Now, of course, most Englishmen [sic] do not take a creed in this clear-cut way; and even when they swallowed the Smith philosophy pretty completely for generations, it was mixed up with other things. But when all such allowance is made, what an extraordinary creed it was to swallow! What a weird cosmos it was to inhabit; in which everything was good because everybody was bad. A world in which the financial speculator grew thistles to attract donkeys; and the thistles grew figs to be the food of all the good and wise; in which your neighbour gathered grapes of the thorns you had planted in order to scratch him. The whole thing was much more rationally stated than are most modern expositions; it was also rank raving nonsense, as anyone would have seen in an age of creeds and common sense. Sanity sees at a glance that society finds it hard enough to hang together, with everybody taught to be unselfish; and that it would simply smash if everybody were taught to be selfish. Incidentally, I may add, it has already smashed. We have seen with our own eyes the Wealth of Nations wither into the Poverty of Nations.”
Comment
The kindest thing I can say about Richard Aleman’s words above is that they are eccentric, even remarkably so.

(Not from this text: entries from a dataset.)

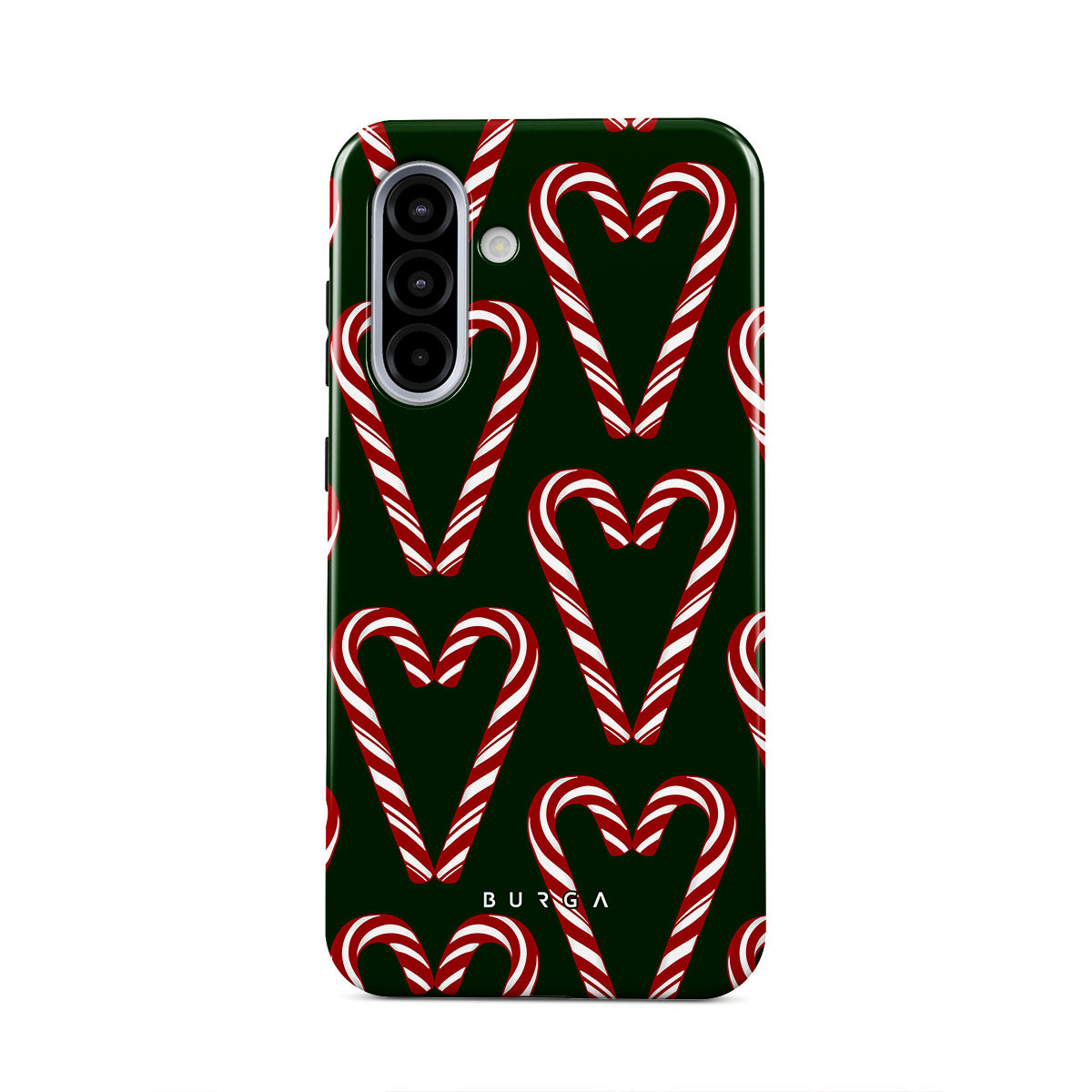 Vibrant and playful, our Candy Cane Samsung Galaxy A56 5G Case phone case design showcases candy cane heart motifs against a dark green background—a delightful choice for those who love a touch of whimsy and nostalgia.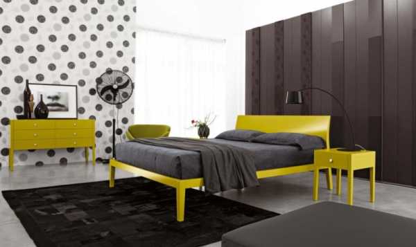 Этот цвет, пожалуй, самый живой, пестрый и бодрящий. Но для того, чтобы он не «резал глаза» и не вызывал излишнее возбуждение психики, его следует разбавить с светло-голубым или серым. Итак, стены у нас по-прежнему белые, может быть, и мебель тоже (все зависит от степени яркости, которую вы задумали для своей спальни).
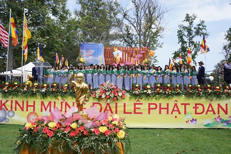 "Phật Giáo Việt Nam với hơn 2 ngàn năm lịch sử và 40 năm lich sử Phật Giáo Việt Nam tại hải ngoại ở nơi đây hình bóng Chư Tôn Đức Tăng Già cùng toàn thể chư vị thiện nam tín nữ Phật Tử trang trải tấm lòng quý kính của người con Phật mến thương để hân hoan chào mừng mùa Phật Đản Phật Lịch 2559"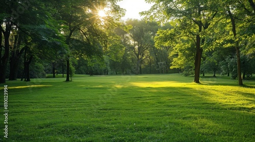 beautiful park with a meadow and wooded area at sunrise in high resolution and quality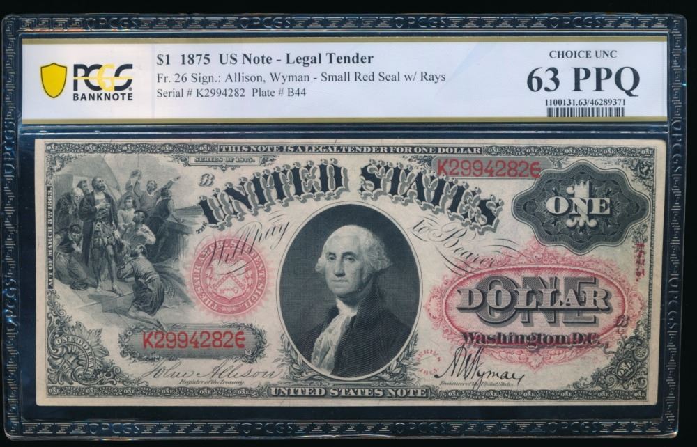 One 1875 $1 Legal Tender Note PCGS 63PPQ.

The sentence: “if men were sufficiently greedy for the goods. If everybody worked meanly and sordidly for money, the result would be a prosperity that would prove the benevolence of Providence”, to say the least, is twaddle. Whoever actually said it, it was not Adam Smith. At best it is an invented script made up for some unknown purpose. It was, in fact, almost the exact opposite of Smith’s oeuvre, as found in Moral Sentiments and Wealth Of Nations (plus, of course, his Lectures On Jurisprudence.
I have no idea what ‘distributist’ stands for, though I once exchanged correspondence some years ago with a very personable someone whom I had met at a history of economics conference in Virginia, who revealed, eventually, that he was a 'distributist'. The correspondence petered out to my relief, as I could not understand of what he talked about. Against obscurantism, even the most tolerant patience eventually expires.
Labels: Distributist
2 Comments:
I posted a comment on that topic, but I guess they moderated it into oblivion. They made Adam Smith seem like Gordon Gecko.
Zeke
I am not surprised that your comment did not appear on the Distributist Blog. They seem to be arrogant in their certainties - as do most zealots.. But they might relent yet.
They confuse Adam Smith with Bernard Mandeville, author of the "Fable of the Bees, or Private Vices, Public Benefits", 2 vols. 1724, ed. F. B. Kaye, 1924, Oxford University Press.
Smith described Mandeville's work as "licentious", in Moral Sentiments (1759). Surely a sufficient answer to the twaddle from the Distributist?